ACTIVITY
Would you restate all of the entries verbatim, minus any images?

DATA FOR PROCESSING
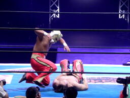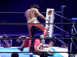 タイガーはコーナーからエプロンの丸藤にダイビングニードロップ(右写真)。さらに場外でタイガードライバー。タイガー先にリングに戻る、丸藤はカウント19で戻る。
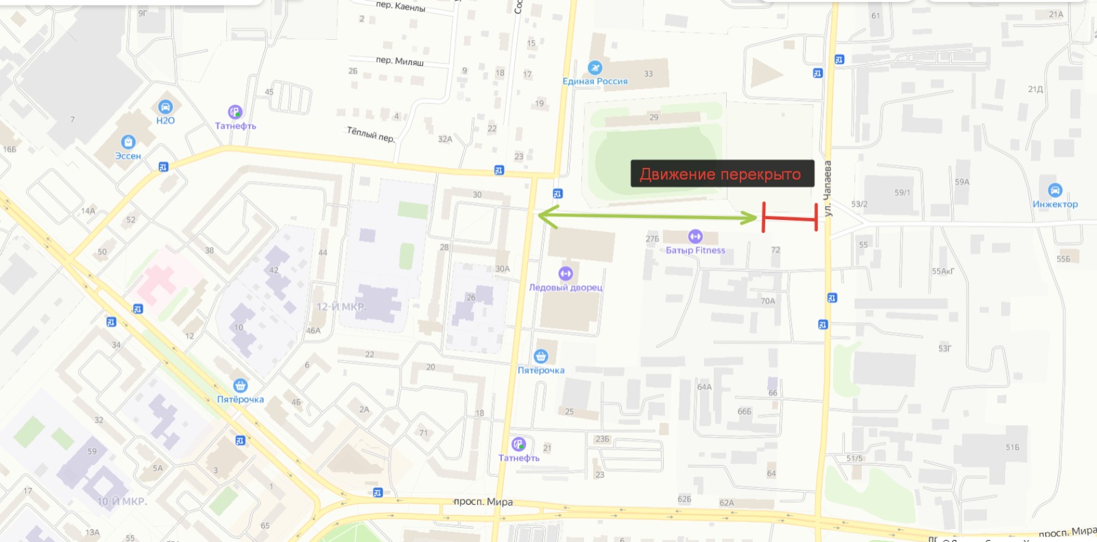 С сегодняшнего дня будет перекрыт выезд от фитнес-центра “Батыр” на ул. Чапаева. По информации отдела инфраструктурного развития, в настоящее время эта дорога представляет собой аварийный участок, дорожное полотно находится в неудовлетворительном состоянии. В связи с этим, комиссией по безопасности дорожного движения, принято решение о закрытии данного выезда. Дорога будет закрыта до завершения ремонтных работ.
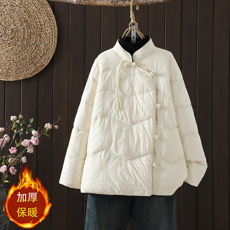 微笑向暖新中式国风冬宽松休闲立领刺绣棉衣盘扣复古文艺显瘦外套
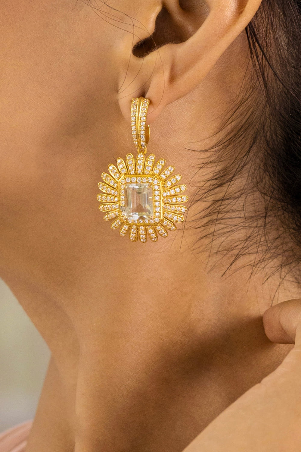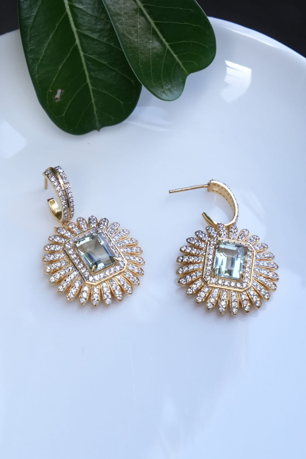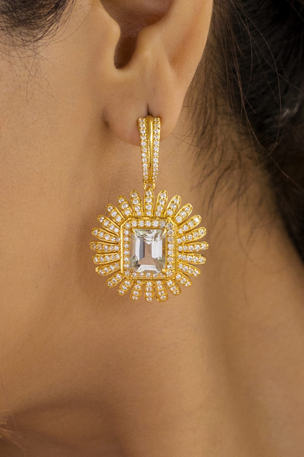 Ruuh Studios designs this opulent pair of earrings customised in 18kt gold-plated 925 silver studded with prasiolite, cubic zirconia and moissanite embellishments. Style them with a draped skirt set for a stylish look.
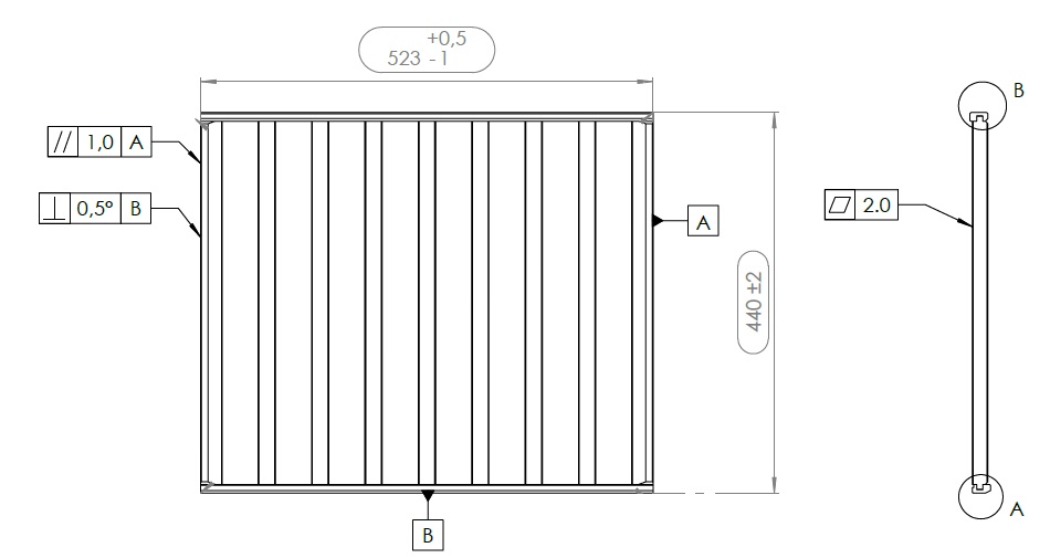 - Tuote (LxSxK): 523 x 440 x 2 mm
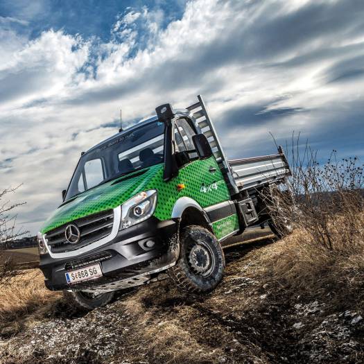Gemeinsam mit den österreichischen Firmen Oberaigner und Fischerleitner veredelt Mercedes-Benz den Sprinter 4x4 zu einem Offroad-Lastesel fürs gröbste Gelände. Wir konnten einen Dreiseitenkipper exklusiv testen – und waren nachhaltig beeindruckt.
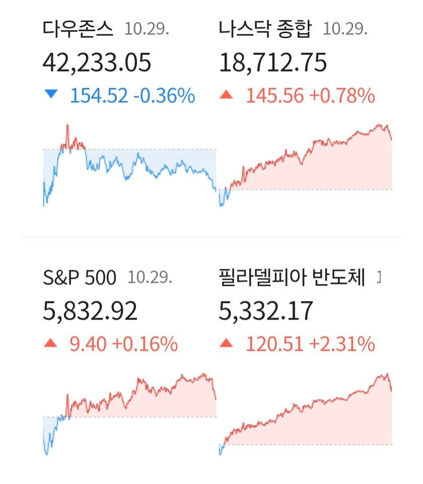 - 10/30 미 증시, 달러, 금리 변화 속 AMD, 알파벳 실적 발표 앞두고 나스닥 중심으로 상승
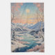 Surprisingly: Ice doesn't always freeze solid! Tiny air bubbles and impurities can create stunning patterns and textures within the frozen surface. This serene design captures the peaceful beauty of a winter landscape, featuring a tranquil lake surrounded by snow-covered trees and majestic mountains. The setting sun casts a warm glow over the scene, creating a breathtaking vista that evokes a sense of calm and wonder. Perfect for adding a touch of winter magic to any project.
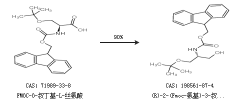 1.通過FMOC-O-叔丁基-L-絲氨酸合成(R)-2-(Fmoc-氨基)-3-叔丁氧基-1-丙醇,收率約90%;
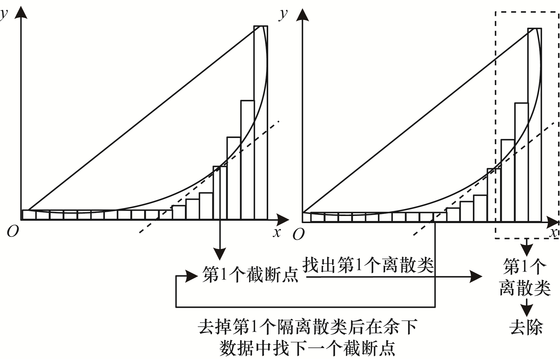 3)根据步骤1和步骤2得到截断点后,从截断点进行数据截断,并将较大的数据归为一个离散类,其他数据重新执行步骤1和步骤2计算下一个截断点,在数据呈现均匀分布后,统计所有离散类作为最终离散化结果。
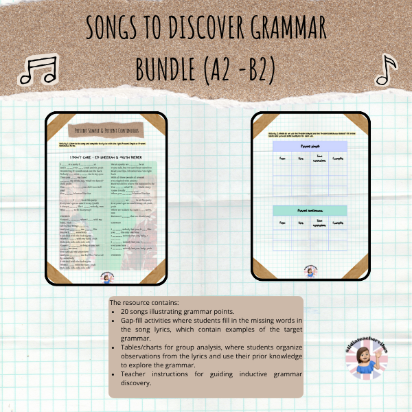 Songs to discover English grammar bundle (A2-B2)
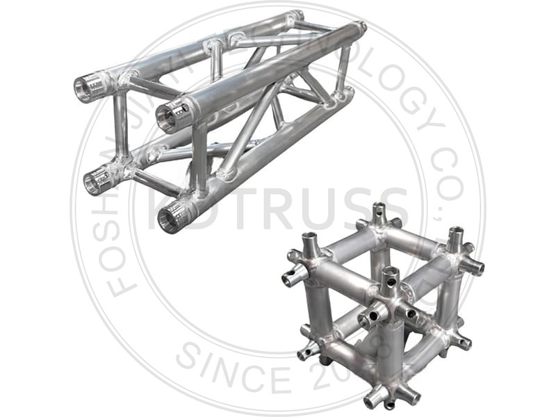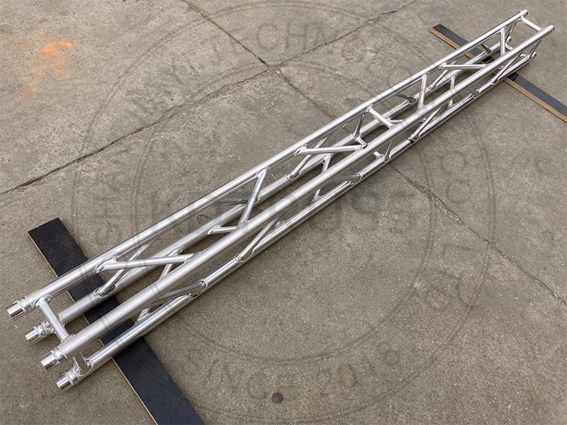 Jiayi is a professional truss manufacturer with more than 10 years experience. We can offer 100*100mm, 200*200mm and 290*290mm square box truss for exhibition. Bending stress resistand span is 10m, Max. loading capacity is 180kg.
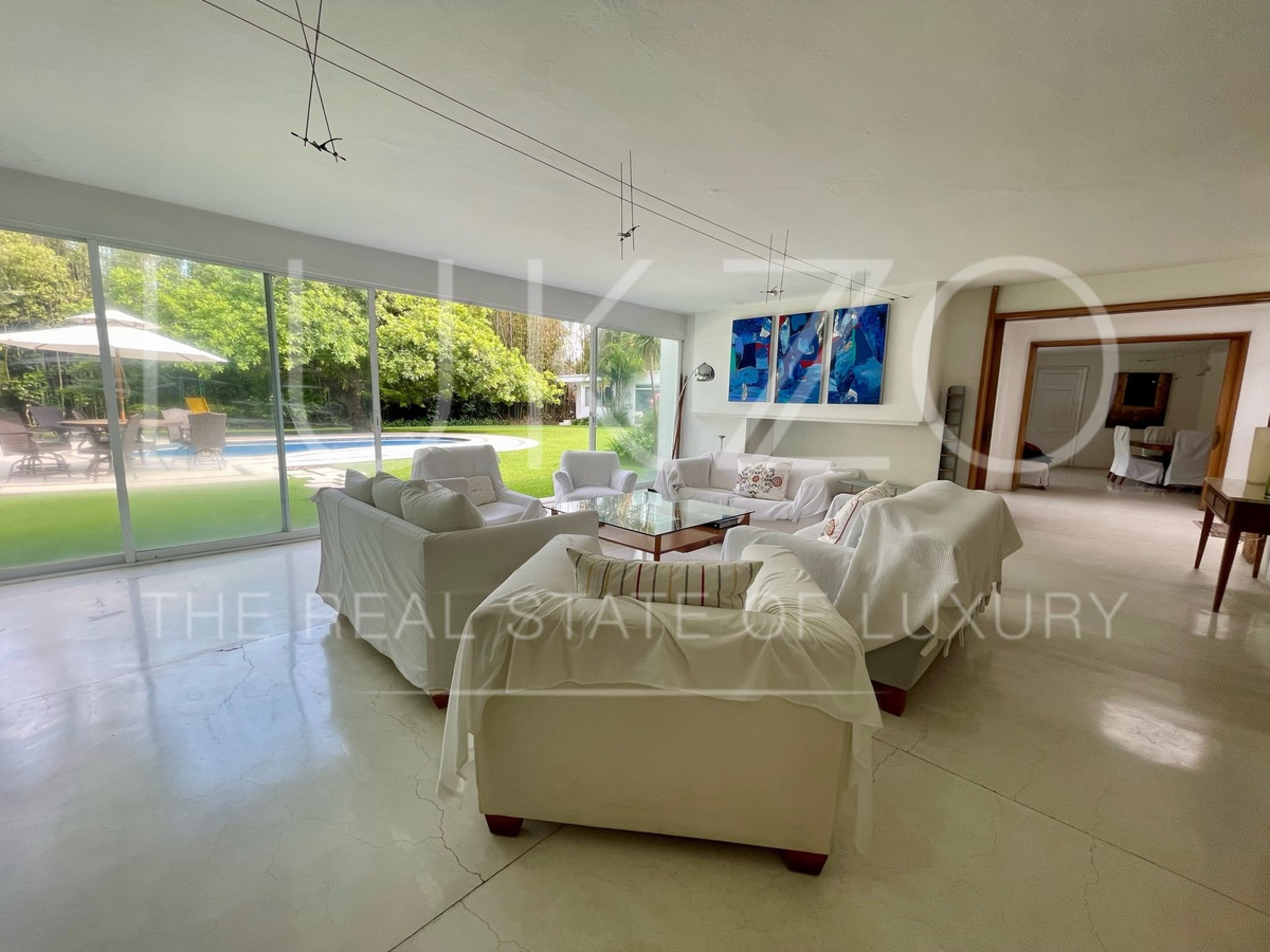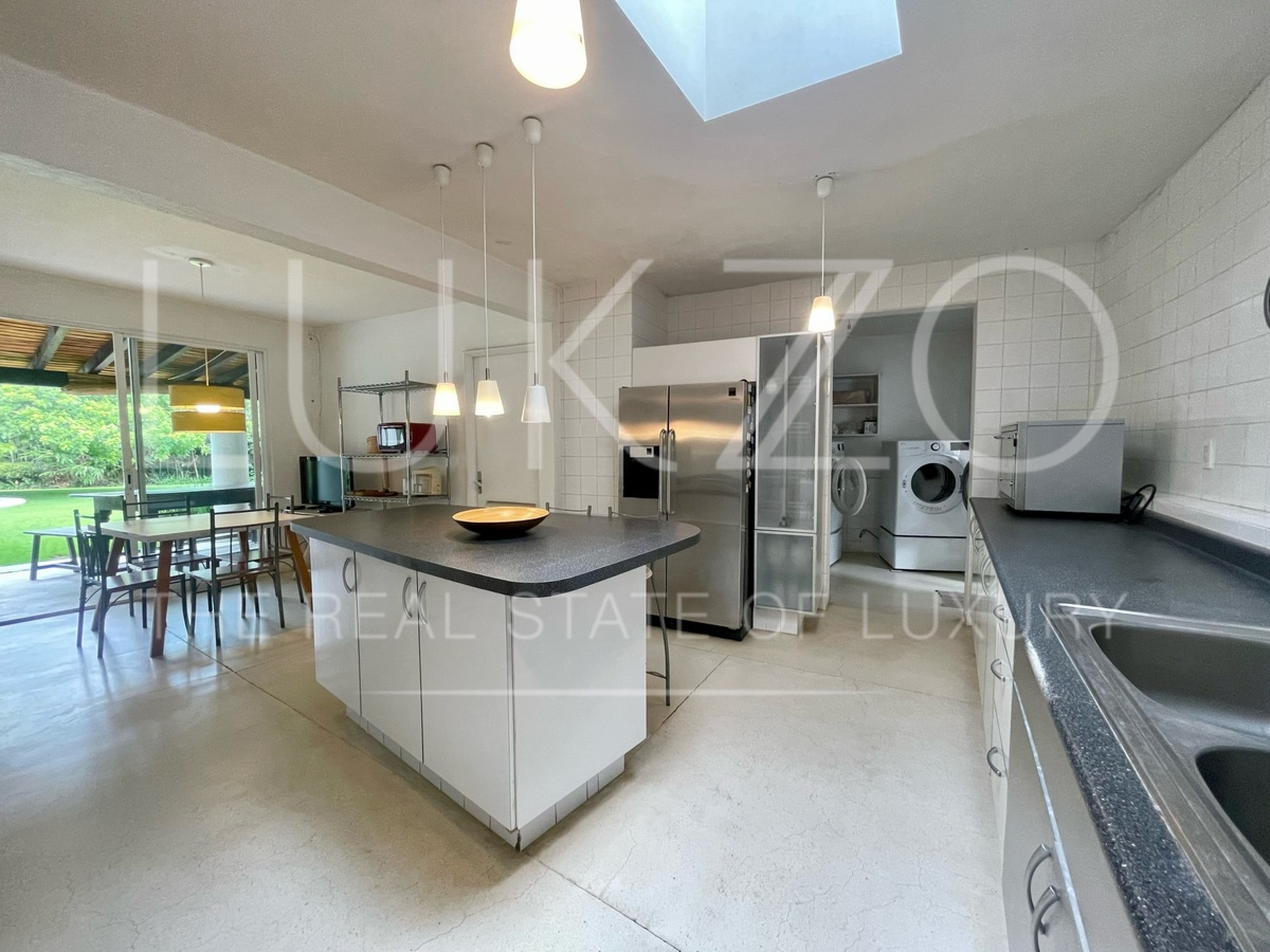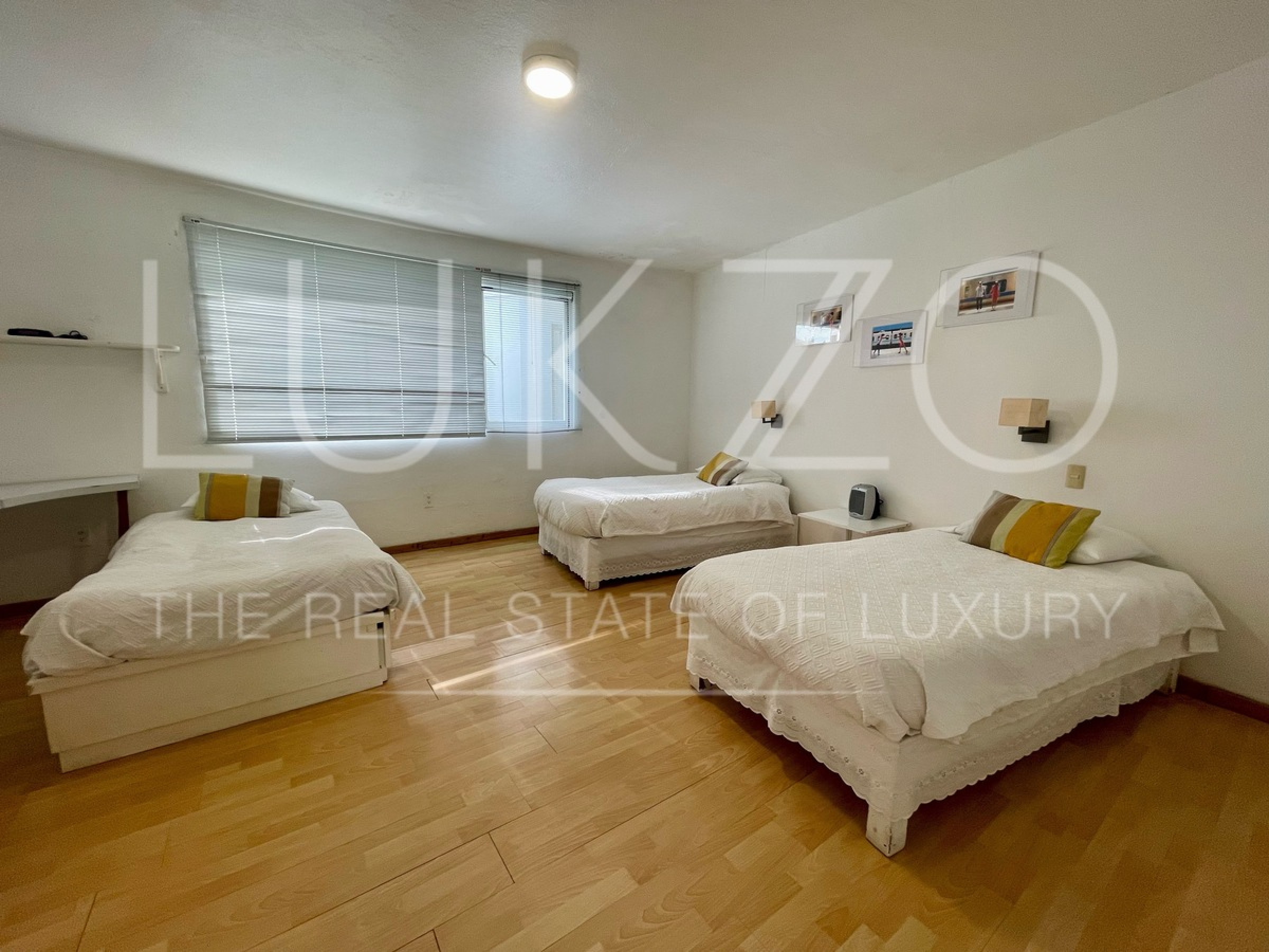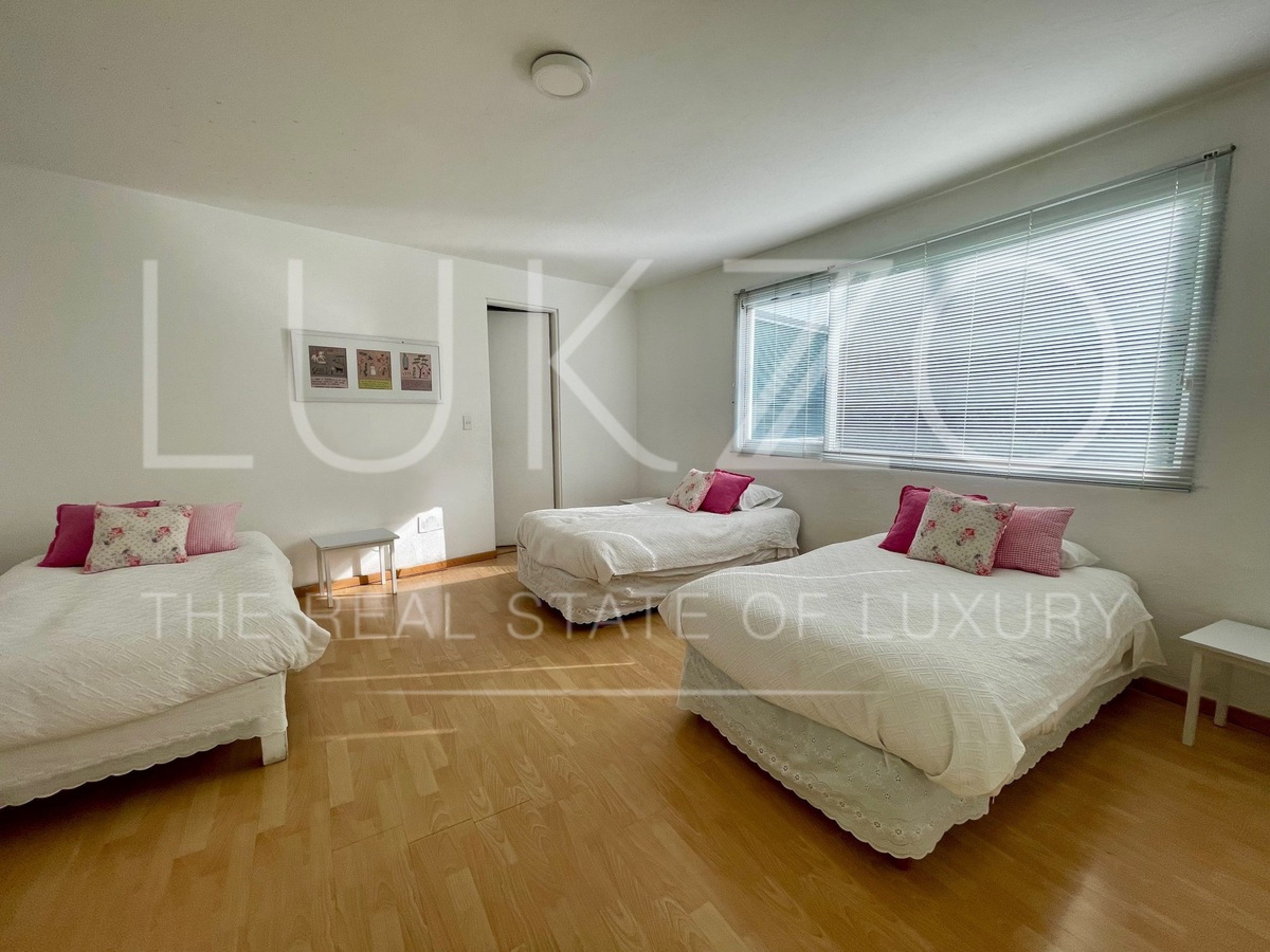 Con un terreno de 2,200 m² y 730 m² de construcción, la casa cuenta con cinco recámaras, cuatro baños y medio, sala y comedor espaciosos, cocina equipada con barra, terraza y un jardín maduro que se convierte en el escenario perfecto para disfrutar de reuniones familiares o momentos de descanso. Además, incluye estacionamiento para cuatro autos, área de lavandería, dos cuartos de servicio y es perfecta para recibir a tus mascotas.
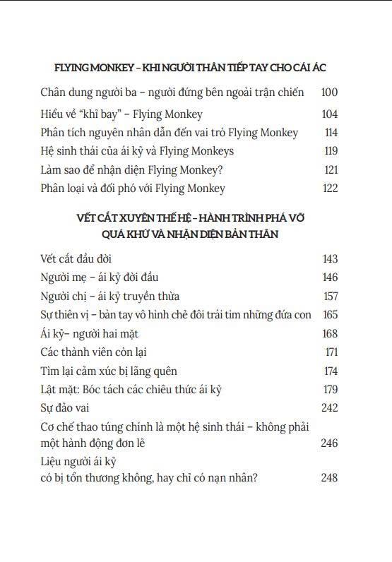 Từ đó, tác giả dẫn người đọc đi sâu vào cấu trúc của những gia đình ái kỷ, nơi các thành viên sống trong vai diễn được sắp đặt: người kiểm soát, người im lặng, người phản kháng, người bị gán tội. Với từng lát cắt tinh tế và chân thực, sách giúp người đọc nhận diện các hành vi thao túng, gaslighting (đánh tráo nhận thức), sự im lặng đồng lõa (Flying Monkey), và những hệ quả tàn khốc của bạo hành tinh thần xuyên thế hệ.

OUTPUT BELOW
 タイガーはコーナーからエプロンの丸藤にダイビングニードロップ(右写真)。さらに場外でタイガードライバー。タイガー先にリングに戻る、丸藤はカウント19で戻る。
 С сегодняшнего дня будет перекрыт выезд от фитнес-центра “Батыр” на ул. Чапаева. По информации отдела инфраструктурного развития, в настоящее время эта дорога представляет собой аварийный участок, дорожное полотно находится в неудовлетворительном состоянии. В связи с этим, комиссией по безопасности дорожного движения, принято решение о закрытии данного выезда. Дорога будет закрыта до завершения ремонтных работ.
 微笑向暖新中式国风冬宽松休闲立领刺绣棉衣盘扣复古文艺显瘦外套
 Ruuh Studios designs this opulent pair of earrings customised in 18kt gold-plated 925 silver studded with prasiolite, cubic zirconia and moissanite embellishments. Style them with a draped skirt set for a stylish look.
 - Tuote (LxSxK): 523 x 440 x 2 mm
Gemeinsam mit den österreichischen Firmen Oberaigner und Fischerleitner veredelt Mercedes-Benz den Sprinter 4x4 zu einem Offroad-Lastesel fürs gröbste Gelände. Wir konnten einen Dreiseitenkipper exklusiv testen – und waren nachhaltig beeindruckt.
 - 10/30 미 증시, 달러, 금리 변화 속 AMD, 알파벳 실적 발표 앞두고 나스닥 중심으로 상승
 Surprisingly: Ice doesn't always freeze solid! Tiny air bubbles and impurities can create stunning patterns and textures within the frozen surface. This serene design captures the peaceful beauty of a winter landscape, featuring a tranquil lake surrounded by snow-covered trees and majestic mountains. The setting sun casts a warm glow over the scene, creating a breathtaking vista that evokes a sense of calm and wonder. Perfect for adding a touch of winter magic to any project.
 1.通過FMOC-O-叔丁基-L-絲氨酸合成(R)-2-(Fmoc-氨基)-3-叔丁氧基-1-丙醇,收率約90%;
 3)根据步骤1和步骤2得到截断点后,从截断点进行数据截断,并将较大的数据归为一个离散类,其他数据重新执行步骤1和步骤2计算下一个截断点,在数据呈现均匀分布后,统计所有离散类作为最终离散化结果。
 Songs to discover English grammar bundle (A2-B2)
 Jiayi is a professional truss manufacturer with more than 10 years experience. We can offer 100*100mm, 200*200mm and 290*290mm square box truss for exhibition. Bending stress resistand span is 10m, Max. loading capacity is 180kg.
 Con un terreno de 2,200 m² y 730 m² de construcción, la casa cuenta con cinco recámaras, cuatro baños y medio, sala y comedor espaciosos, cocina equipada con barra, terraza y un jardín maduro que se convierte en el escenario perfecto para disfrutar de reuniones familiares o momentos de descanso. Además, incluye estacionamiento para cuatro autos, área de lavandería, dos cuartos de servicio y es perfecta para recibir a tus mascotas.
 Từ đó, tác giả dẫn người đọc đi sâu vào cấu trúc của những gia đình ái kỷ, nơi các thành viên sống trong vai diễn được sắp đặt: người kiểm soát, người im lặng, người phản kháng, người bị gán tội. Với từng lát cắt tinh tế và chân thực, sách giúp người đọc nhận diện các hành vi thao túng, gaslighting (đánh tráo nhận thức), sự im lặng đồng lõa (Flying Monkey), và những hệ quả tàn khốc của bạo hành tinh thần xuyên thế hệ.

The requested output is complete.